The word "commune" suggests communism, but it was long used to refer to the city council as autonomous local authority. It had roots in the French Revolution, with a commune existing in Paris between 1789 and 1795, which, under Jacobin control, refused orders from central government after 1792. The Commune of 1871 followed the Prussian siege of Paris, which began in September 1870, after the collapse of Napoléon III’s Second Empire. In preparation for an attack, France’s National Guard was opened to Paris’s working class population, who elected their own leaders to the Guard’s Central Committee. These were often radicals, Jacobin republicans or socialists, especially in the radical North, who later became the Commune’s leaders.

The Parisians aimed to defend against Prussian entry and the restoration of monarchy, especially after the National Assembly elections of February 1871 returned a monarchist majority. Increasingly radical, the National Guard stockpiled cannon; on 18 March 1871, Adolphe Thiers, recently elected "Executive Power" of the new government and fearful of the consequences of leaving Paris armed, ordered troops to reclaim munitions from Montmartre. The Parisians rebelled, killing two of the generals; Thiers withdrew his administration to Versailles, leaving a power vacuum that the Guard’s Central Committee filled.

It was the Commune’s birth under siege conditions, which made the redistribution of food, money and weapons an urgent necessity, as well as the working class composition of the Committee and its controversial decrees that made the Commune of such interest to Marx and his followers. Although it separated church and state, remitted rents owed during the siege, abolished night work in bakeries and interest on debt, and allowed workers to run abandoned businesses, the Commune was not formally Socialist – Marx’s ideas had not penetrated the French left, and utopian theorists such as Charles Fourier had fallen out of fashion by 1871. Louis-Auguste Blanqui, whose attempted coup of October 1870 had lasted half a day and who was arrested the day before the unsuccessful raid on Montmartre, was the most influential thinker – hence the Communards’ repeated attempts to trade him for priests that they had taken hostage, all rebuffed by Thiers.

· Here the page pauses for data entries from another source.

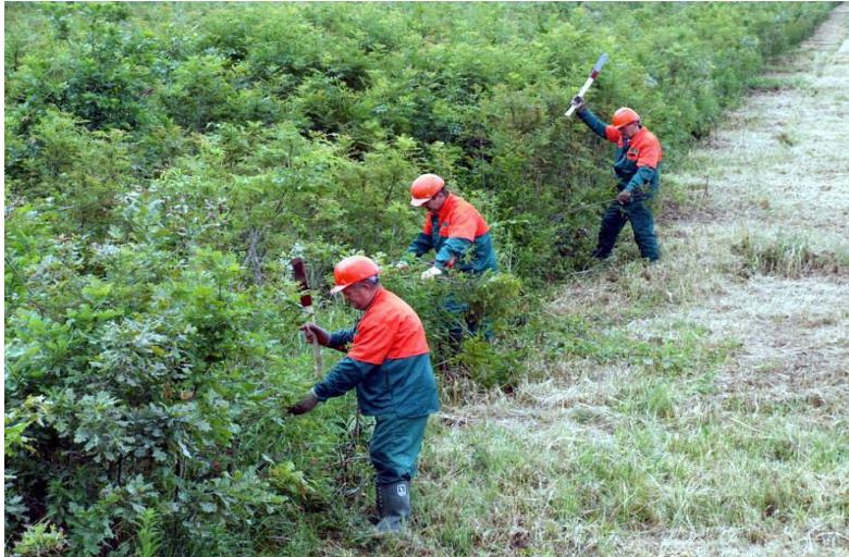
Slika 23. Pravilan razmak radnika

U određenim uvjetima, na strminama, klizavim i kamenitim terenima, stabilnost radnika se može poboljšati primjerenom obućom koja ima đon za sprečavanje klizanja. Na velikim strminama treba upotrebljavati dereze.[10]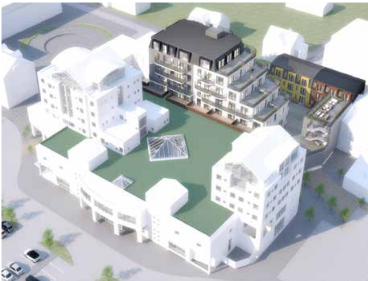
Hér sést núverandi verslunarmiðstöð og viðbyggingin við Strandgötu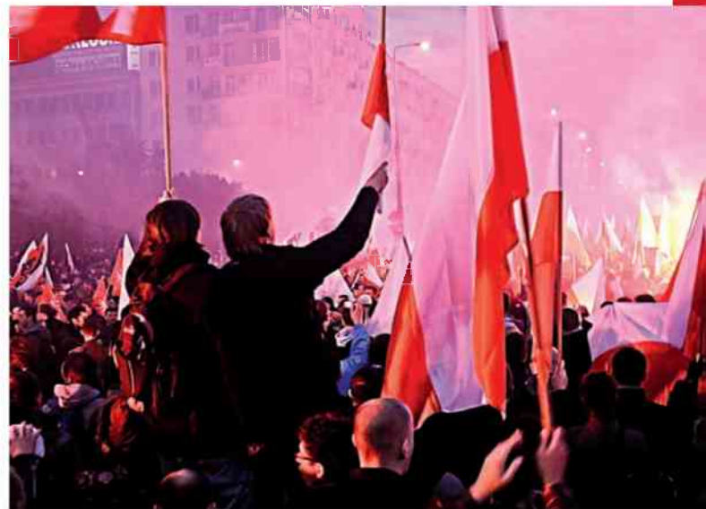
Marsz Niepodległości – 11 listopada 2012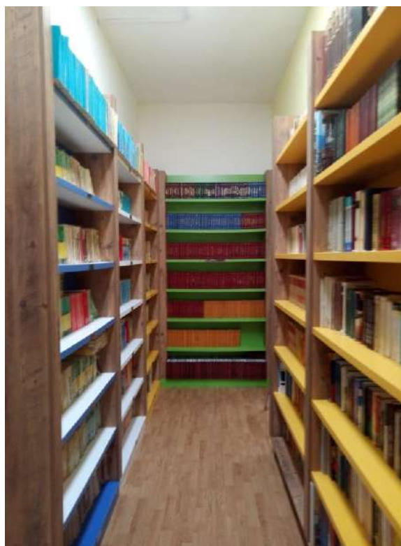
Нова библиотека во ООУ Тоде Хаџи Тефоф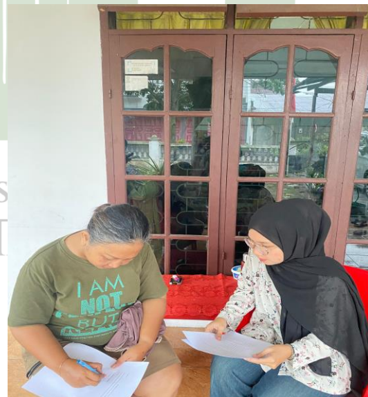
Pengisian kuesioner di jalan Sunggal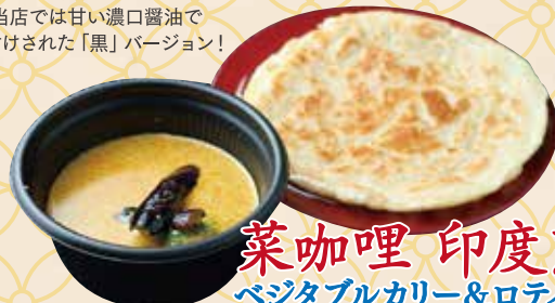
菜咖喱 印度煎饼 ベジタブルカレー&ロティプラタ

海老ペーストを漬け込んだ手羽元の唐揚げ シンガポールでは親しみのある フライドチキン料理。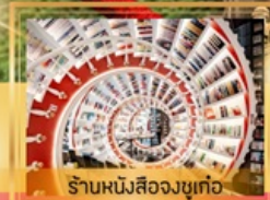
ร้านหนังสือจงซูเก๋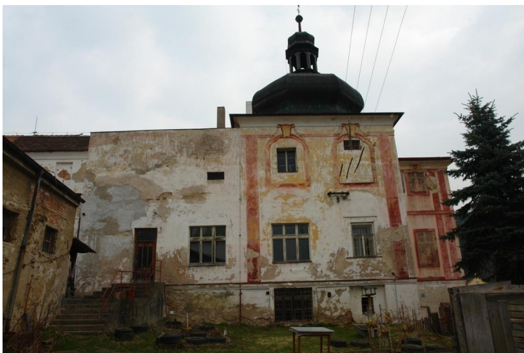
obr. 21 – jihozápadní strana zámku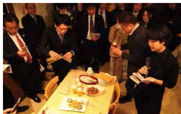
図 10：「かまぼこ大学」で開発したかまぼこの試食会。学生は業界関係者を前に、開発意図について説明を行った。配布したパンフレットも学生チームが制作した。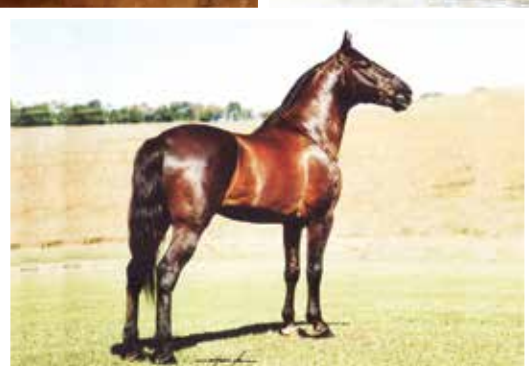
Seu pai Trilho da Zizica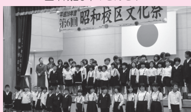
▲文化祭での昭和小ステージ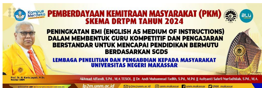
Gambar 1. Spanduk DRTPM

Sosialisasi bertujuan untuk memperkenalkan konsep dan pentingnya English Medium Instruction (EMI) kepada seluruh staf pengajar dan administratif di sekolah. Dalam pelaksanaannya, sosialisasi ini dilakukan melalui koordinasi antara kepala sekolah dan guru bahasa Inggris, yang berperan sebagai fasilitator utama. Melalui kegiatan ini, guru-guru dan staf diharapkan memahami bahwa penggunaan bahasa Inggris sebagai bahasa pengantar bukan hanya sekadar kebutuhan linguistik, tetapi juga strategi peningkatan kualitas pendidikan yang selaras dengan standar global. Kegiatan sosialisasi dapat meliputi pertemuan, diskusi kelompok, dan presentasi yang menguraikan manfaat EMI serta tantangan yang mungkin dihadapi, sehingga para guru dan staf mendapatkan gambaran yang jelas mengenai tujuan dan dampak jangka panjang dari implementasi EMI dalam proses pembelajaran.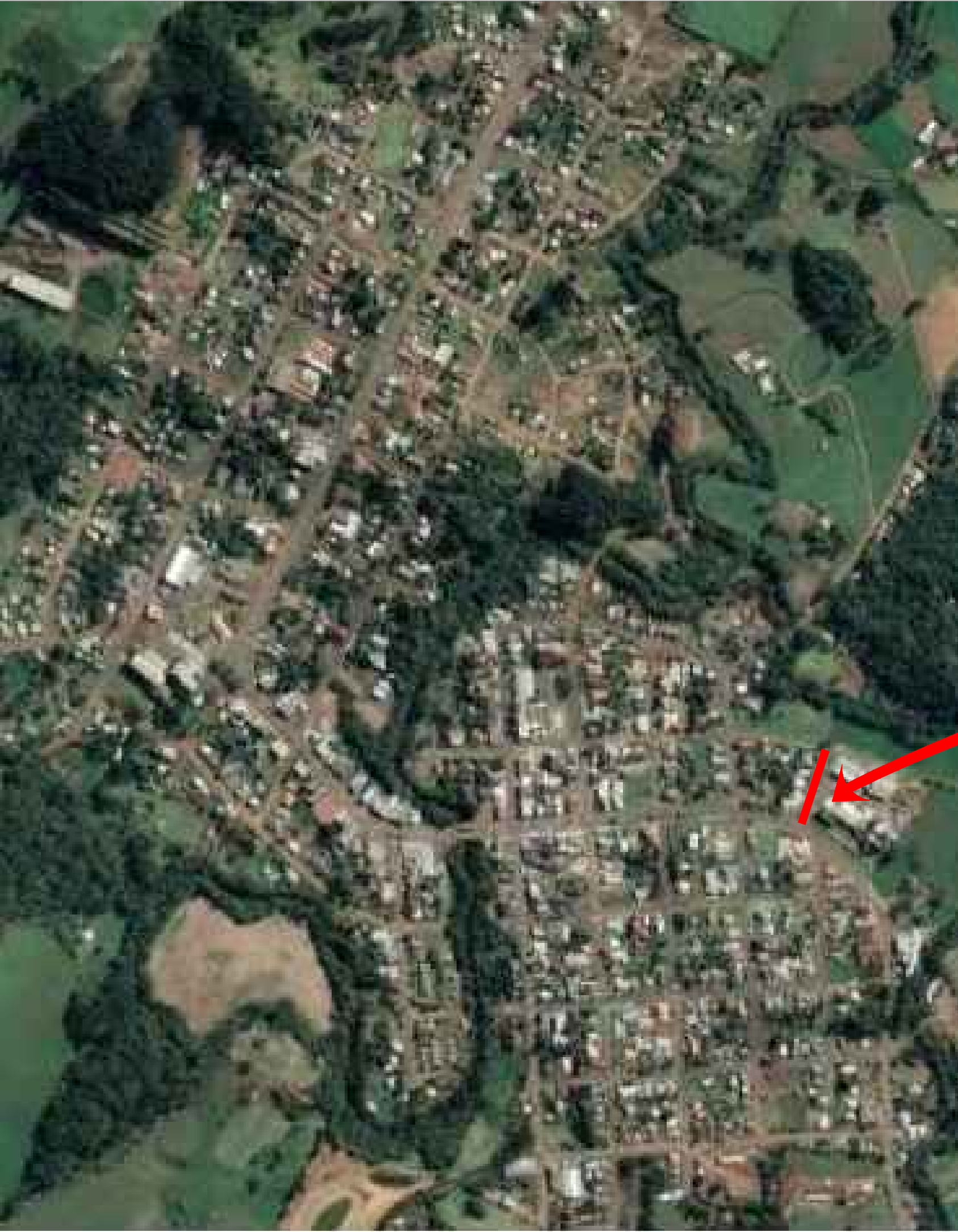
LOCAL DE IMPLANTAÇÃO RUA JOSÉ G. REBELATTO - TRECHO 02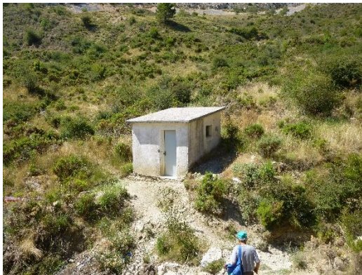
Caseta Manantial Font de la Serella

En caso de necesidad también es posible abastecer a la población a través de los caudales proporcionados por el Pozo Pozo Perelló, localizado en el municipio vecino de Benimassot. El punto de entrega del agua procedente de Benimassot se realiza en la conducción de subida desde la arqueta de la Font del Espiritu Santo hasta los Depósitos, en cuyo caso y mediante el cierre de válvulas es la única fuente que abastece a los depósitos. En el año 2020 la aportación ha sido muy pequeña, y únicamente se realiza para comprobar el adecuado funcionamiento de las instalaciones de aporte.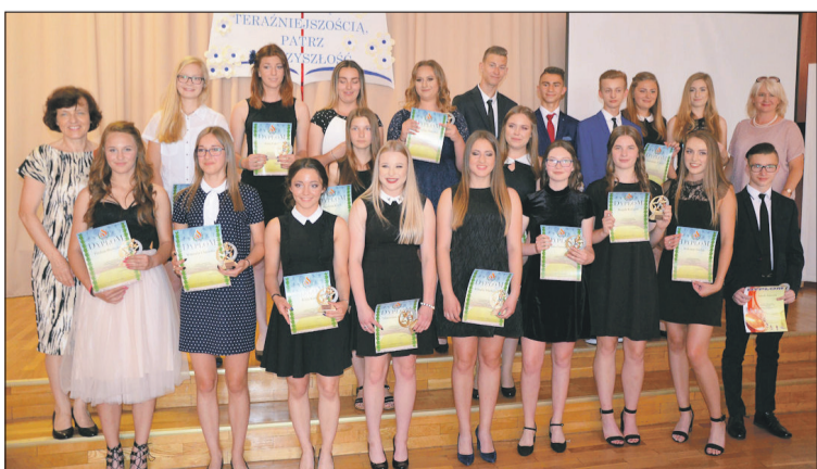
Najlepsi sportowcy z gimnazjum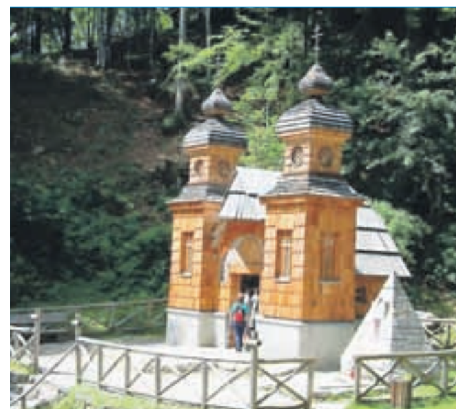
Obnovljena ruska kapelica

ko posluha, sedem slovenskih velikih podjetij se je dogovorilo, da bo financiralo prireditev pri kapelici in nekdanje poslovne partnerje smo povabili v Slovenijo. 73-članska delegacija politikov, kulturnikov in gospodarstvenikov je v Kranjsko Goro prispela pod vodstvom Sergeja Jurjeviča Glazijeva, takratnega ministra za zunanje ekonomske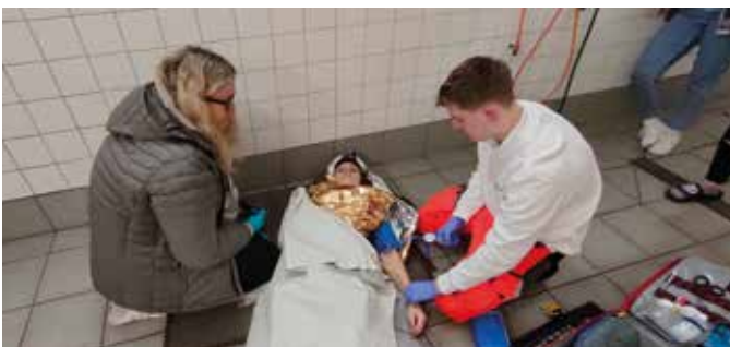
■ Blutdruckmessen an unterkühlter Person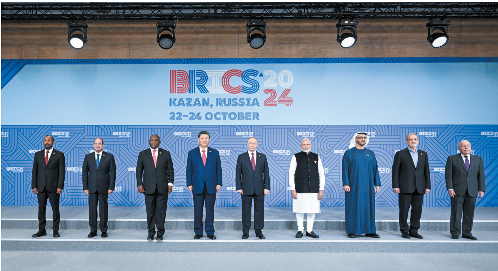
当地时间10月23日上午,金砖国家领导人第十六次会晤在喀山会展中心举行。这是会晤期间,金砖国家领导人集体合影。

新华社俄罗斯喀山10月23日电(记者倪四义 胡晓光)当地时间10月23日上午,金砖国家领导人第十六次会晤在喀山会展中心举行。俄罗斯总统普京主持会晤。中国国家主席习近平、巴西总统卢拉(线上)、埃及总统塞西、埃塞俄比亚总理阿比、印度总理莫迪、伊朗总统佩泽希齐扬、南非总统拉马福萨、阿联酋总统穆罕默德等出席。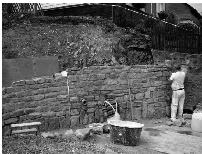
Errichtung der Stützwand, 13.07.2011

Die Arbeiten am Grundstück der ehem. Nadelfabrik, Untere Hauptstraße 5/6 gehen nach dem Abbruch dem Ende entgegen. Zurzeit läuft die Errichtung einer Stützwand zur Grundstückszufahrt. Ende Juli 2011 sollen die Tätigkeiten abgeschlossen sein.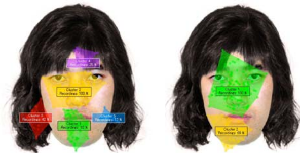
図1 顔刺激への停留回数と停留時間を視覚的表現の例

③方法：パソコンで髪の毛を合成した短い男性髪をした男性と女性、長い女性髪をした男性と女性、髪を隠した男性と女性の写真を計12枚モニタに1枚ずつ提示し、写真の性別判断を行わせた。その際の視線情報を眼球運動測定装置で記録した。図1は、視線情報(刺激への注視時間と注視回数)を視覚的に表した図の例であり、円の中心に記述されている番号は注視回数と順番を、円の大きさは注視時間を表している。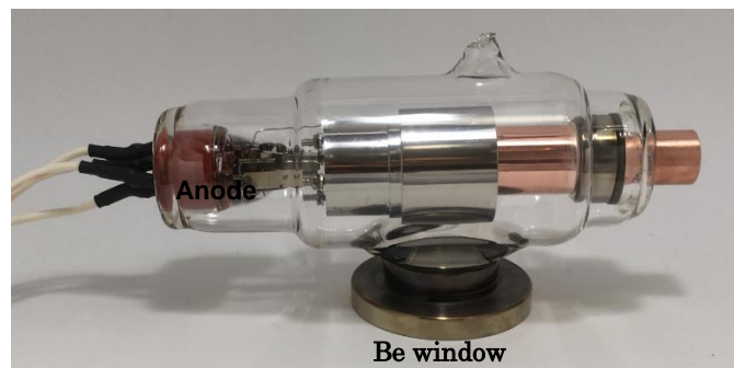
Fig. 1 Prototype X-ray tube with Be window

Fig. 2 に陽極電流の陽極電圧依存性を示す。冷陰極を用いているので陰極からのエミッション電流が空間電荷の影響を受けにくく、10 KV 程度までは高圧/陽極電流 (KV/Ia) 依存性がほとんど無い。実際に陽極電圧を 30 KV から 10 KV まで低下させても陽極電流特性が変わらないことを確認できた。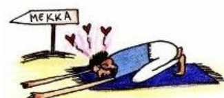
Любовь к Аллаху

Творчество хорошо известно в рунете и мало кого оставило равнодушным. Работает как детектор, безошибочно разделяя серую массу хомячков на либерастов (которые не видят ничего ужасного) и моралфагов (которые хотели бы сжечь всю эту ересь, проломить голову несчастной писаке чем-нибудь тяжелым, пустить кровь, кишки, распидарасить111). Вообще, проблема воспитания подрастающего поколения — та еще дисциплина специальной олимпиады, и своевременный вброс тетушки Перниллы способен разжечь макаренкосрач с новой силой. Пользуйтесь случаем.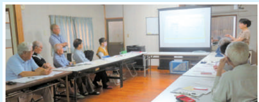
吉田支部での様子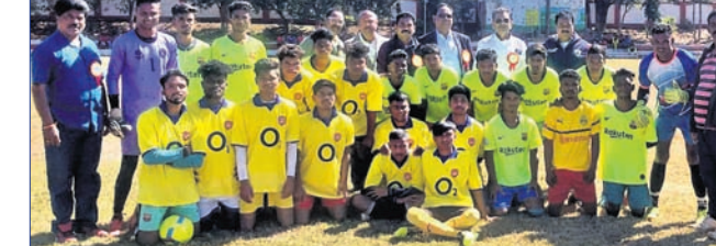
ଚନ୍ଦନ ଶିବିରରେ ଅଂଶଗ୍ରହଣ କରିଥିବା ଖେଳାଳି।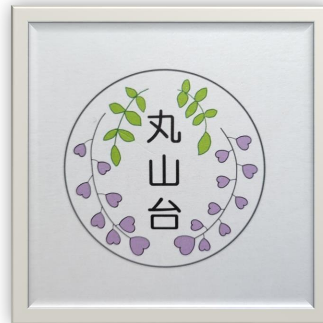
丸山台自治会のシンボルマーク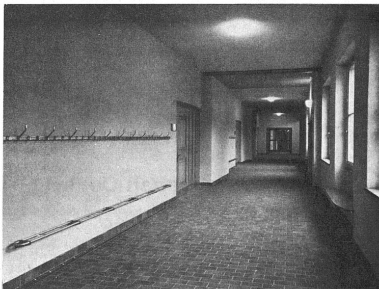
Schulhaus Adliswil 1949

Schulhaus «Im Gut», Zürich Schulhaus Trembley, Genf Schulhaus an der Buchserstraße in Bern Schulhaus Neuenegg/Bern Sekundarschulhaus Konolfingen Schulhäuser Massagno und Molino Nuovo, Lugano, usw.

Not many of the Communards, however, shared Blanqui’s desire for a dictatorship of the proletariat, preferring to elect officials to the Committee and the new Executive Council, and perhaps the biggest of the many problems identified by Lissagaray was the Commune’s lack of ideology and organisation. Its elections returned radicals, moderates and conservatives, with no party line behind any of the Commune’s activity, and its leaders spent precious time arguing amongst themselves when what was needed was action against Thiers’ mobilisation from Versailles.

Lissagaray hints at the split between the radical and parliamentary Left, with the latter ultimately siding with Thiers, on his first page; his exasperation with this disunity becomes clear as the Commune’s Central Committee and Executive Council grow opposed to each other, in part over the Committee’s failure to capture the Banque de France. "The coffers … contained 4,600,000 francs" laments Lissagaray, ‘but the keys were at Versailles and, in view of the movement for conciliation with the mayors … [Central Committee delegates Varlin and Jourde] did not dare to force the locks.’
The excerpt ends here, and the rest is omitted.